_Information shown_:

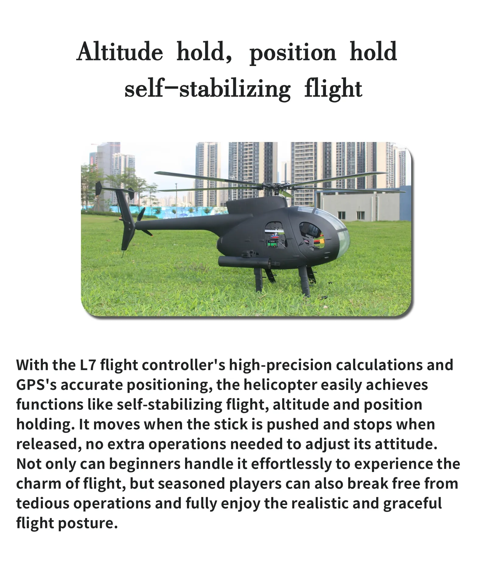 PRECISE CONTROL: The 6CH GPS and L7 flight controller provide precise positioning and stable hovering for this 500 size scale helicopter.
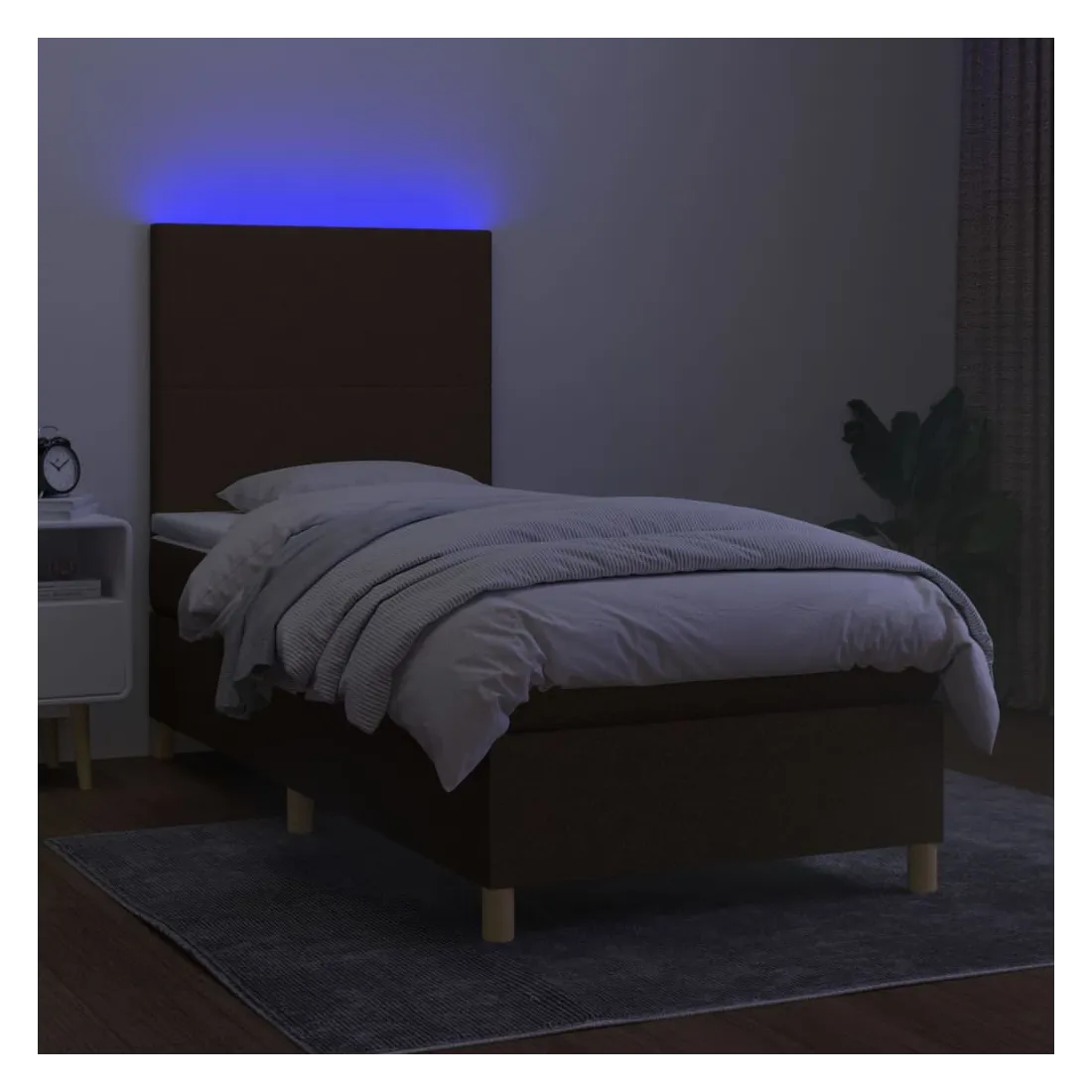 Sommier à lattes de lit matelas et LED Marron foncé 100x200cm
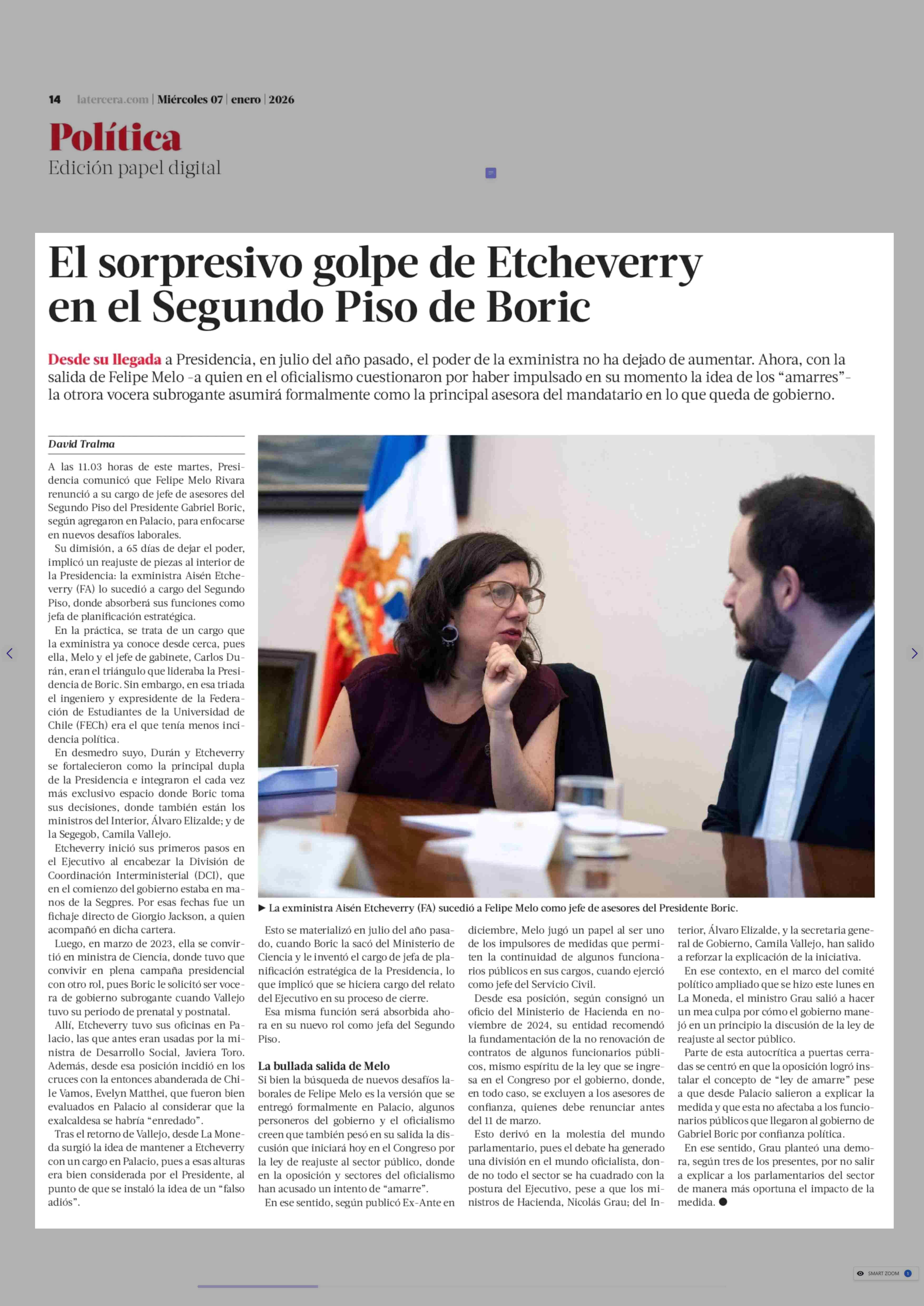 El sorpresivo golpe de Etcheverry en el Segundo Piso de Boric 07-01-2026 La Tercera |

_What to produce_:
Print the data above exactly, minus pictures.

_Task answer_:
 PRECISE CONTROL: The 6CH GPS and L7 flight controller provide precise positioning and stable hovering for this 500 size scale helicopter.
 Sommier à lattes de lit matelas et LED Marron foncé 100x200cm
 El sorpresivo golpe de Etcheverry en el Segundo Piso de Boric 07-01-2026 La Tercera |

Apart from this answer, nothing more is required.